* _Task goal_: Reproduce, exactly and only, the lines of the data that follows from the one containing "Aranżacja sypialni z" down to the one containing "Research on machine", without pictures.

Data for this exercise Start Marker

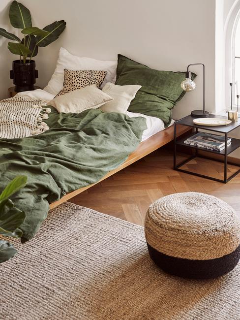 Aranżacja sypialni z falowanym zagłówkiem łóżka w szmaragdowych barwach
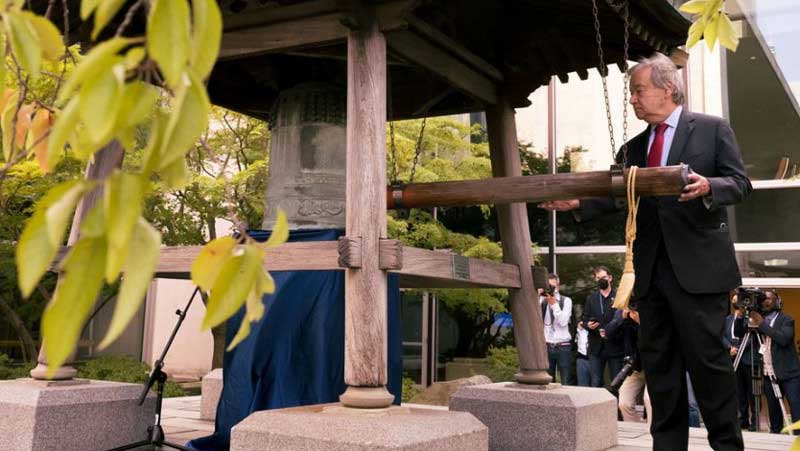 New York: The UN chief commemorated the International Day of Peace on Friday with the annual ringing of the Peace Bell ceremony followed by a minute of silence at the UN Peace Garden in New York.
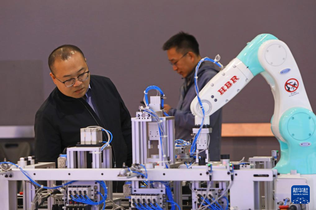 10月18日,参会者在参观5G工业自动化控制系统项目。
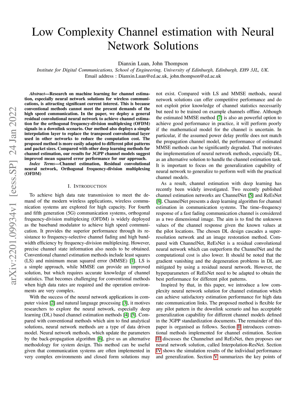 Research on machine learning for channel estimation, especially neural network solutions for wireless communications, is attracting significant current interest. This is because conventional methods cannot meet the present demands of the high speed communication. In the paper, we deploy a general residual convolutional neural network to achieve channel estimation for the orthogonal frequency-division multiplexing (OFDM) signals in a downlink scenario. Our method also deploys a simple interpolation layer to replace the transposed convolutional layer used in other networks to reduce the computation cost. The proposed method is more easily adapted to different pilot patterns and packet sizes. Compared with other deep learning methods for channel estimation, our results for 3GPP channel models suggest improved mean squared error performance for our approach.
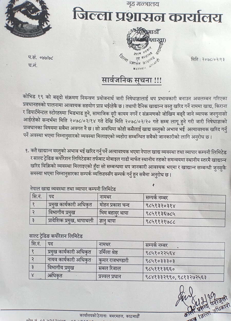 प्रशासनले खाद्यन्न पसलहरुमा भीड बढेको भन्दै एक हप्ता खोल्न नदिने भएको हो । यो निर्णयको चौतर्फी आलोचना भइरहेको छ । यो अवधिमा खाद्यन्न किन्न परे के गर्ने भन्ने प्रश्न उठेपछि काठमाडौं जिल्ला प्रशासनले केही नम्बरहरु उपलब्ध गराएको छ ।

Data for this exercise End Marker
Data for this exercise Start Marker

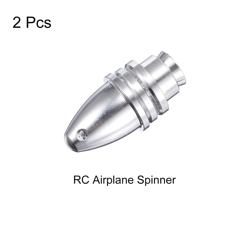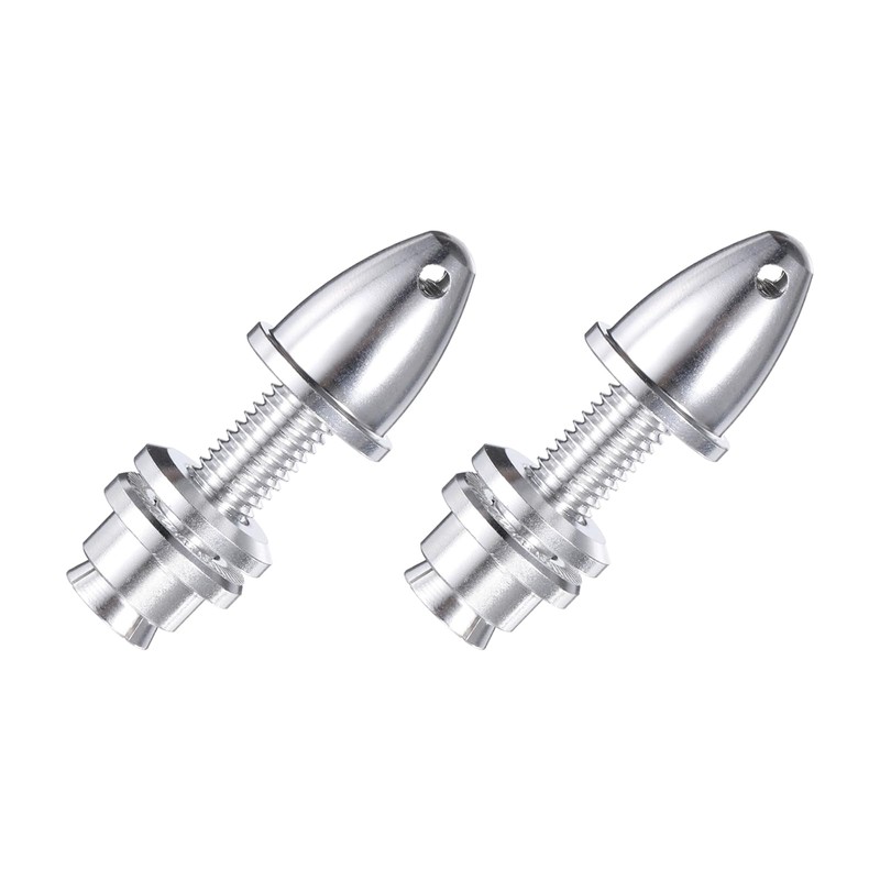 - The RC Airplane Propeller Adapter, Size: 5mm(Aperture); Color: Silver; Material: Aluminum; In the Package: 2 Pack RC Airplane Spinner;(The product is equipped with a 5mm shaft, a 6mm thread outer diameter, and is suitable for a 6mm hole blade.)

Data for this exercise End Marker

* _Task output_:
 Aranżacja sypialni z falowanym zagłówkiem łóżka w szmaragdowych barwach
 New York: The UN chief commemorated the International Day of Peace on Friday with the annual ringing of the Peace Bell ceremony followed by a minute of silence at the UN Peace Garden in New York.
 10月18日,参会者在参观5G工业自动化控制系统项目。
 Research on machine learning for channel estimation, especially neural network solutions for wireless communications, is attracting significant current interest. This is because conventional methods cannot meet the present demands of the high speed communication. In the paper, we deploy a general residual convolutional neural network to achieve channel estimation for the orthogonal frequency-division multiplexing (OFDM) signals in a downlink scenario. Our method also deploys a simple interpolation layer to replace the transposed convolutional layer used in other networks to reduce the computation cost. The proposed method is more easily adapted to different pilot patterns and packet sizes. Compared with other deep learning methods for channel estimation, our results for 3GPP channel models suggest improved mean squared error performance for our approach.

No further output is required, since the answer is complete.